TASK: Return every line of the records, exact and in full, until you have returned the line with "婚庆彩旗院子装饰农村灯笼拉花婚房布置结婚用品氛围室外装扮气氛", and include none of the pictures.

DATASET EXTRACT:
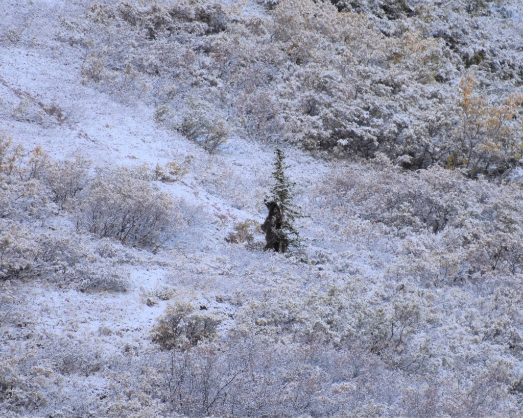 The tour bus ahead of us was stopped and watching the mountain side. When we all engaged our zoom lenses, we found the bear up on the top of the mountain. He was heading down slowly at first and stopping to scratch his back on a few trees.
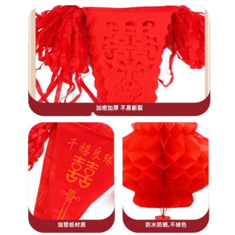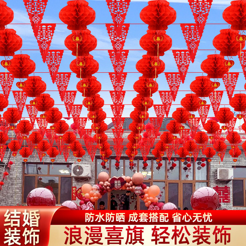 婚庆彩旗院子装饰农村灯笼拉花婚房布置结婚用品氛围室外装扮气氛
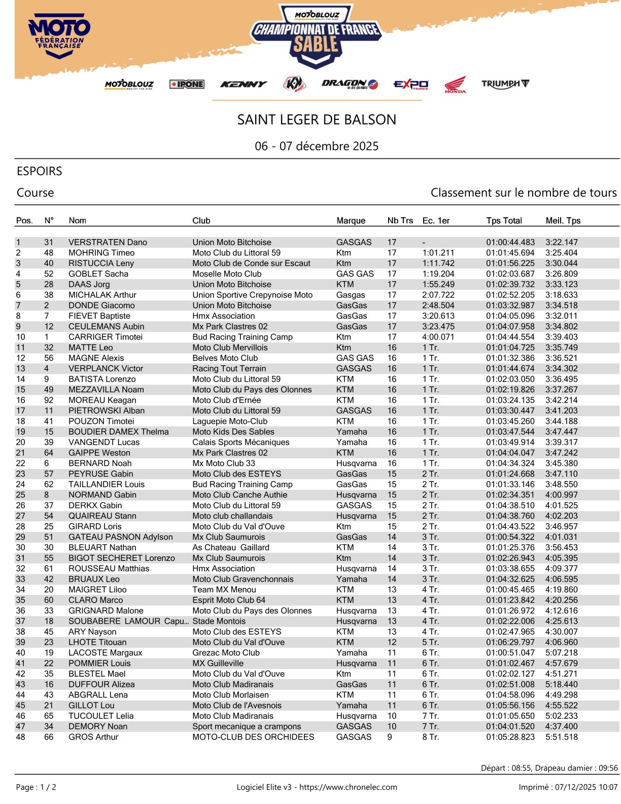 Dano Verstraten has won the French 85cc sand championship round in Saint Leger de Balson. With this victory, Verstraten extends his lead in the championship standings.
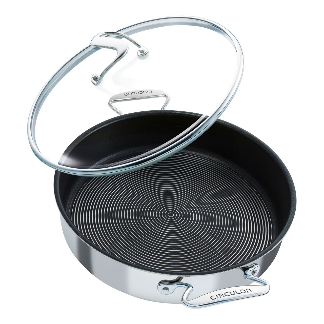 Circulon Steel Shield - welcome to fearless cooking in your kitchen! With over 35 years of experience Circulon have created the next generation of pans - cooks like steel but cleans like nonstick! The strength and beauty of Stainless Steel with the ease of nonstick - simply the best of both worlds. Triply stainless bodies for fast even heating and suitable for all hobs. Steel peaks protect the nonstick from even the toughest of cooks. No need to worry about scratches - metal utensils bring it on! Steel peaks encourage searing to maximise the flavour of your foods and make your dishes taste great! What an investment - this 30cm Sauteuse is built for a lifetime of use and perfect for a variety of kitchen recipes. Easy clean , food tastes better this sauteuse has got to be my favourite piece in the collection !
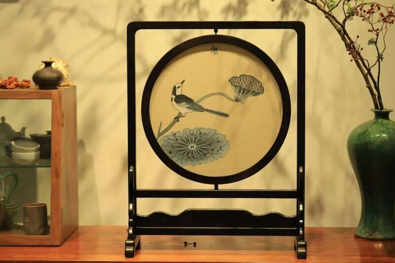此次展览汇聚了7位杰出艺术家的23件匠心之作,涵盖缂丝、竹刻、和田玉镶嵌、紫砂壶、刺绣香包、剪纸及猛犸象牙浅刻等多种技艺。其中,黄佳丽以缂丝技法创作的《晴蝶图》尤为惊艳,蝴蝶翅膀色彩斑斓如光影流动;其另一幅《疏荷沙鸟图》则巧妙运用正反双面织造技术,将秋日荷塘的静谧与灵动表现得淋漓尽致。陆颖怡带来的《金缕缀玉,永世芳菲》系列作品,融合和田玉与金丝细钻,华贵而典雅,为秋日增添一抹亮色。竹艺大师张琪的作品《云山观瀑》以竹代纸、以刀为笔,刻画出老者临瀑观景的山水意境;紫砂艺术家吴姬英的《桃韵》套组将提梁壶设计成桃枝造型,搭配杯具形成完整茶席,让人在品茗间感受江南秋韵。此外,现场还展出了《十二生肖》《蝴蝶璎珞》《莲花荷包》等刺绣香包作品,以及剪纸《蝶恋花和蝴蝶仙子》、猛犸象牙《荷韵》文房套组和《三羊开泰》插屏等精品,每一件都凝聚着匠人的巧思与传承。
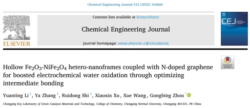 近日,我院表界面能源转化创新团队周功兵教授课题组以《Hollow Fe2O3-NiFe2O4 hetero-nanoframes coupled with N-doped graphene for boosted electrochemical water oxidation through optimizing intermediate bonding》为题在《Chemical Engineering Journal》(中国科学院大类一区TOP期刊,影响因子13.4)上发表最新研究成果,化学学院研究生黎元婷为第一作者,周功兵教授为唯一通讯作者a动漫 为唯一署名单位
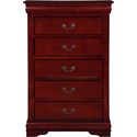 The Louis Philippe Chest in cherry finish is equipped with brushed nickel metal hardware that lends antique elegance. Store bedding, clothing, and more in the five roomy drawers. Choose from available finish options to best coordinate with existing bedroom furniture.
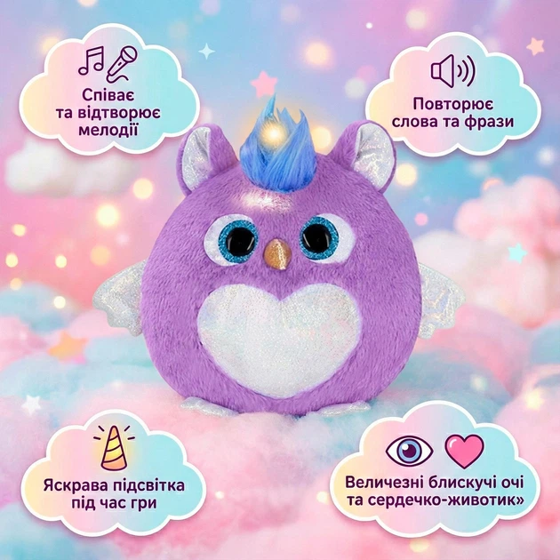 Інтерактивна м’яка іграшка Мудра Сова повторюшка з музичними мелодіями, LED підсвіткою та блискучими очима
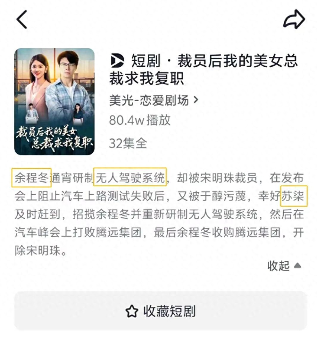 例如,余程冬名字与华为高管余承东高度相似、骁米集团名称似小米集团、苏柒角色名音同小米SU7车型。短剧中还涉及无人驾驶车辆一旦上路行驶30秒,系统就会失控崩溃的情节,引发公众联想。目前,两部短剧累计播放量分别为80.4万次、1.7亿次。
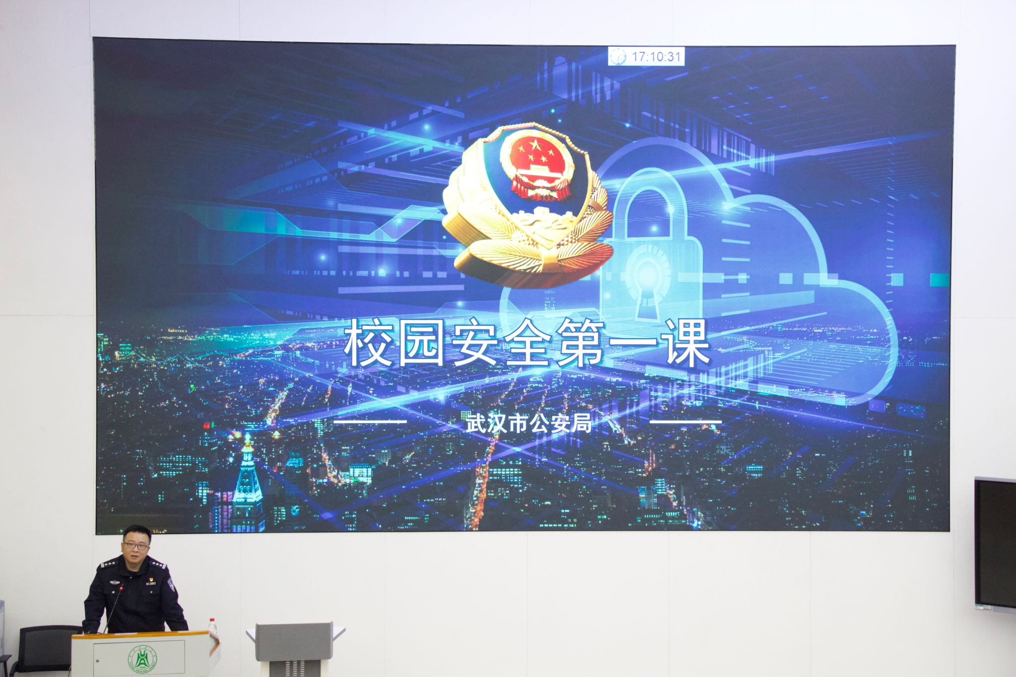 筑牢法治观念,方能行稳致远。在法治教育环节,武汉市公安局陶涛警官为同学们带来了一场印象深刻的普法讲座。陶警官结合高校特点及大学生身边易发的典型案例,从人身安全、财产安全、公共安全、总体国家安全观等四个方面展开,深入剖析了不健康网络活动、防范电信网络诈骗、保护个人信息安全以及预防违法犯罪等方面的知识。他语言生动、讲解透彻,有效提升了同学们的法治意识和自我保护能力,强调了尊法学法守法用法的必要性。
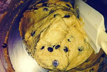 Añadimos las pepitas de chocolate, y removemos con la espátula.
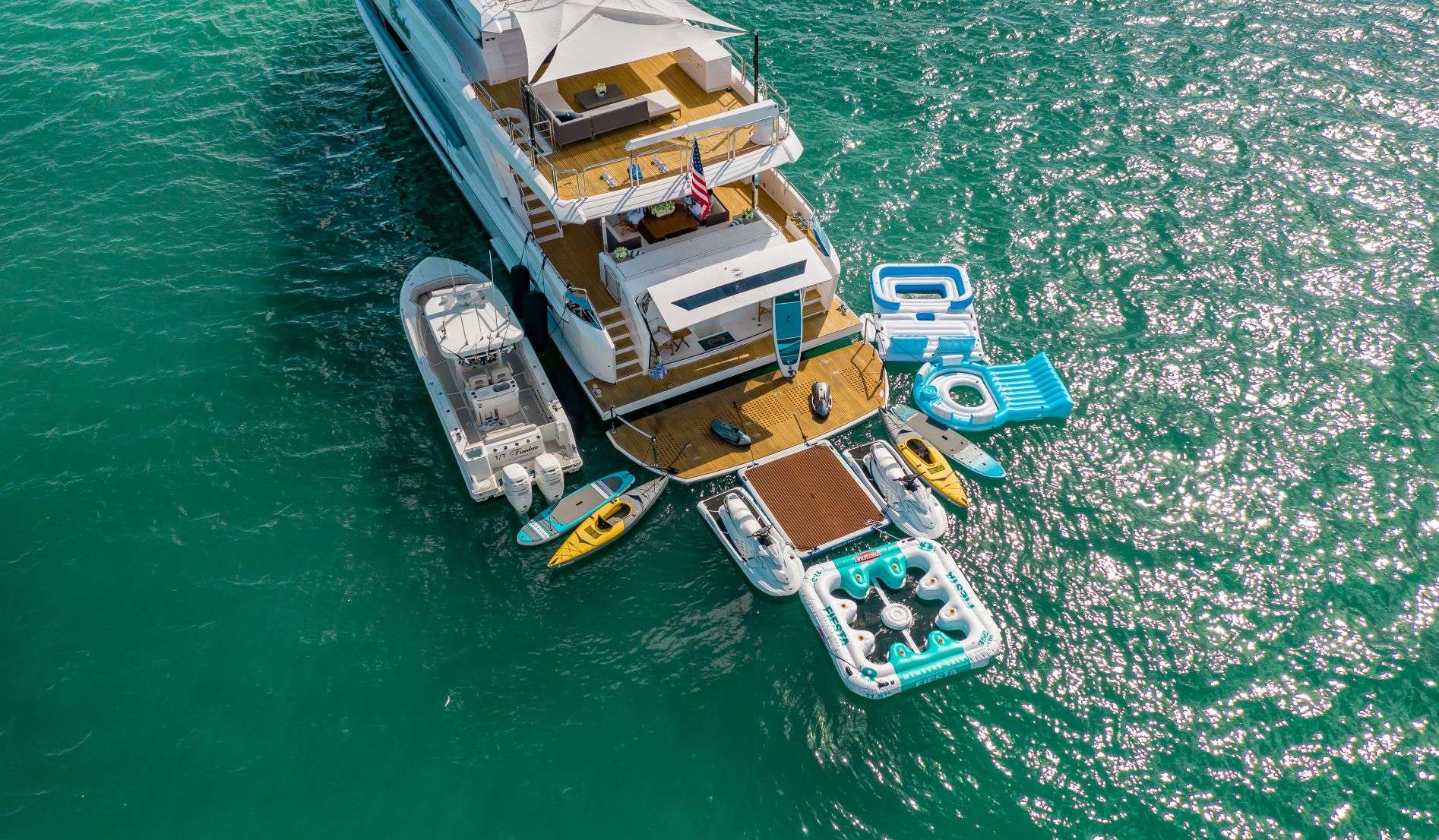 Luxury yacht FREEDOM is a 33m (110’) Horizon FD110 built in 2023 and offering expansive and fully equipped deck spaces and a beautifully crafted interior. She can accommodate up to 10 guests in five suites and is managed by a dedicated crew of six.
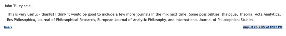 The EuJAP, among others, received an honorable mention in the discussions of the latest Leiter Report poll on “Best “general” journals of philosophy”. Thanks to Dr. John Tilley for putting us in the spotlight with other venerable journals! https://leiterreports.typepad.com/blog/2022/08/best-general-journals-of-philosophy-2022-via-the-condorcet-method.html#comment-6a00d8341c2e6353ef02a2eed282b0200d
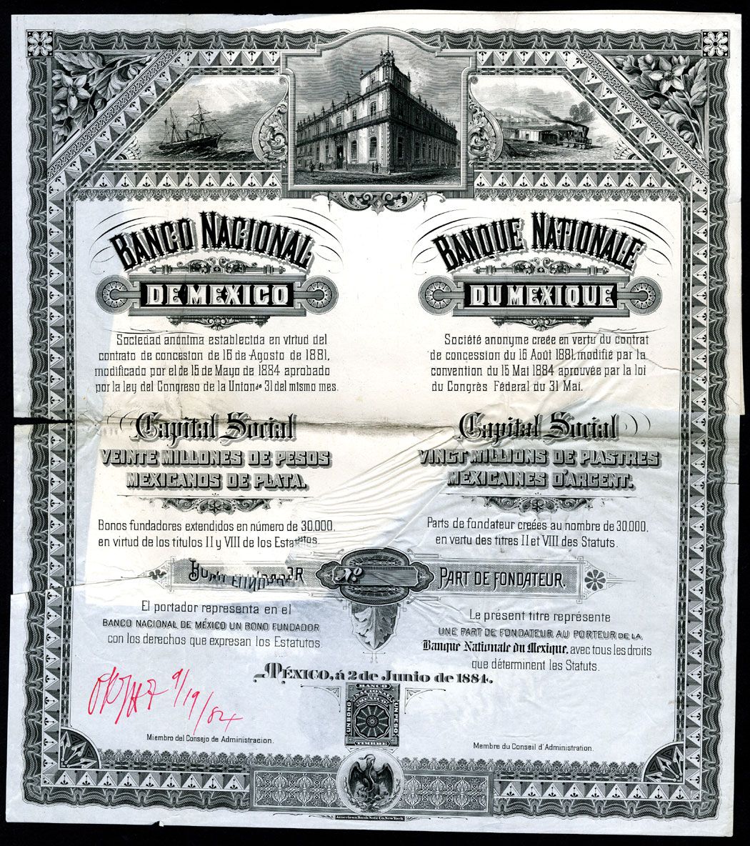 Mexico, 1884. Proof bond. Bono Fundador. Bank building in middle, steamship on left and locomotive on right. Arms of Mexico. Mexican proof revenue stamp on bottom above eagle. No Coupons. Appears Fine with archival folding for storage, internal tears in middle left and 3 inch tear on right middle and separating at left fold, Printed on india paper and only partially mounted on thin card. ABNC. Rare and possibly unique proof bond.
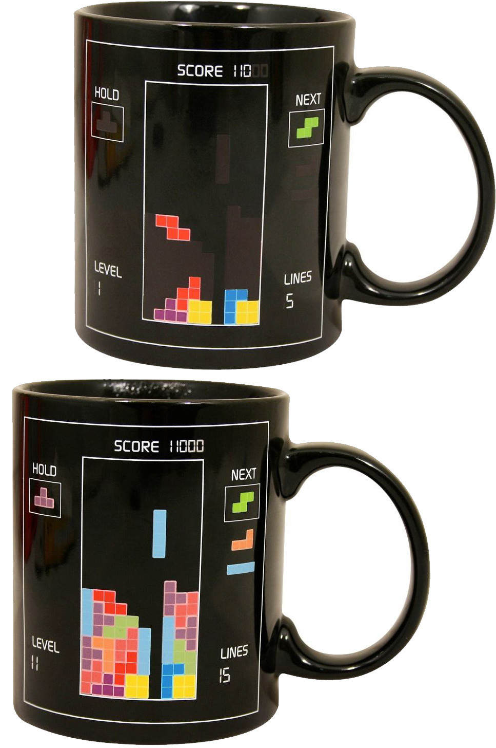This stylish black mug features a snapshot of a Tetris game at the beginning of play when cold. Fill the mug with your choice of hot beverage and the face of the mug immediately changes to show the game in a much more advanced state of play.
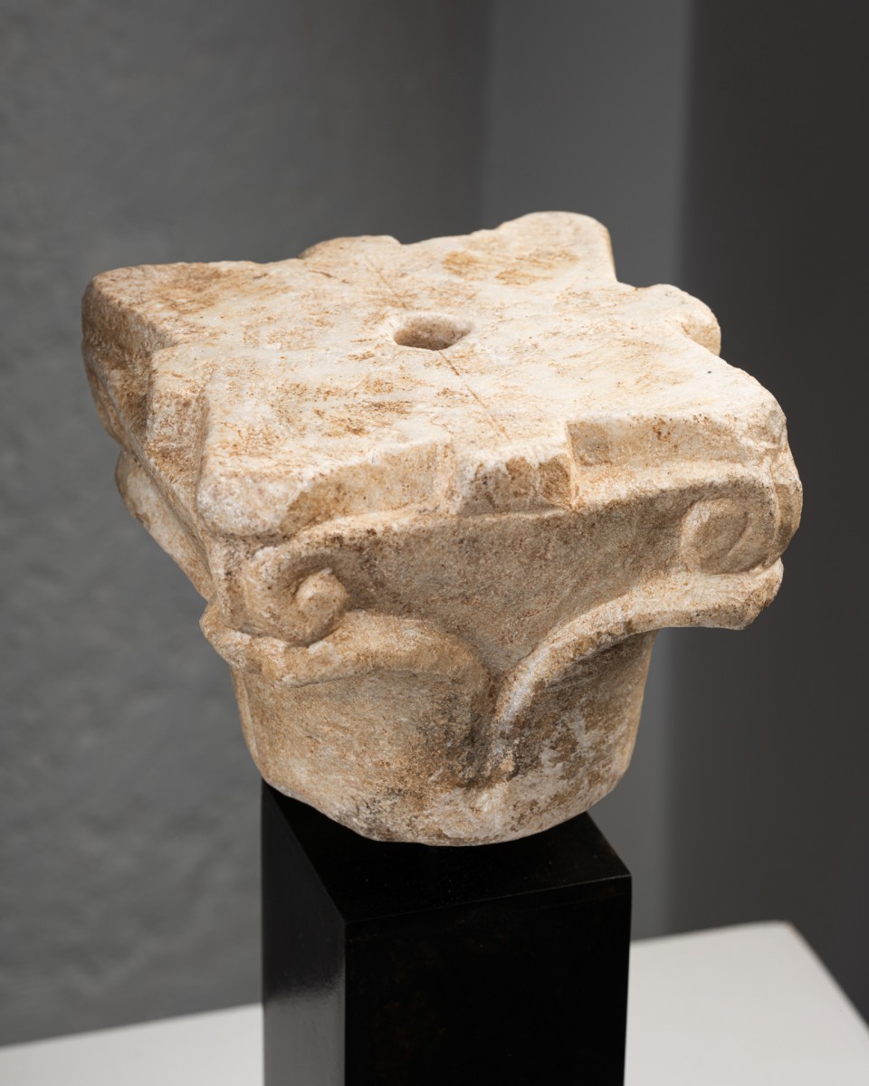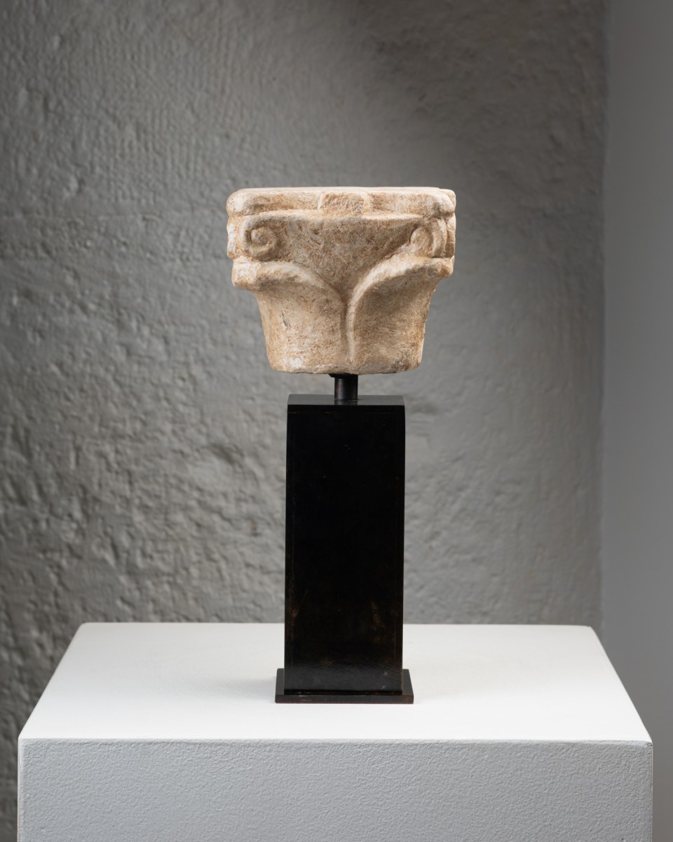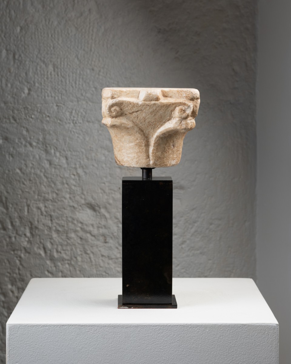 Retrouver le mobilier ou les objets d''art similaires à « Petit chapiteau en marbre – Italie XIIe siècle » présenté par Galerie Alexandre Piatti, antiquaire à Paris dans la catégorie Sculpture en Marbre Moyen Âge, Sculpture.
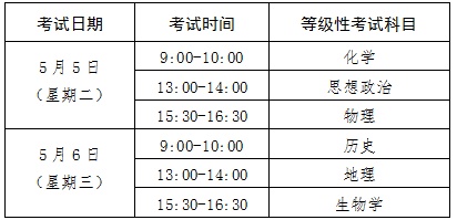 5月等级性考试设思想政治、历史、地理、物理、化学、生物学6门科目。考生可根据高校招生要求和自身兴趣特长,在6门等级性考试科目中自主选择3门参加考试。
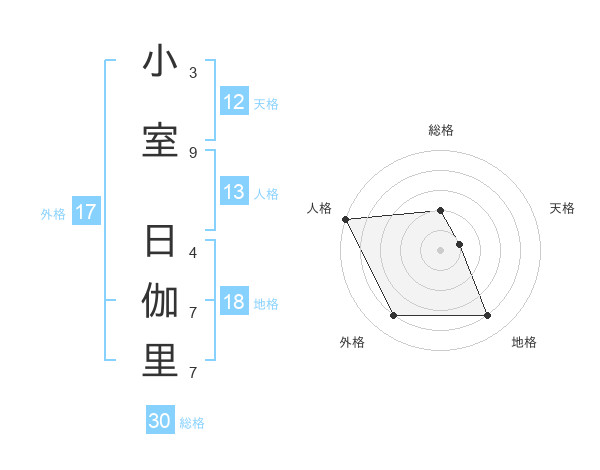 小室 日伽里さんを姓名の画数から五運を鑑定

RESPONSE:
 The tour bus ahead of us was stopped and watching the mountain side. When we all engaged our zoom lenses, we found the bear up on the top of the mountain. He was heading down slowly at first and stopping to scratch his back on a few trees.
 婚庆彩旗院子装饰农村灯笼拉花婚房布置结婚用品氛围室外装扮气氛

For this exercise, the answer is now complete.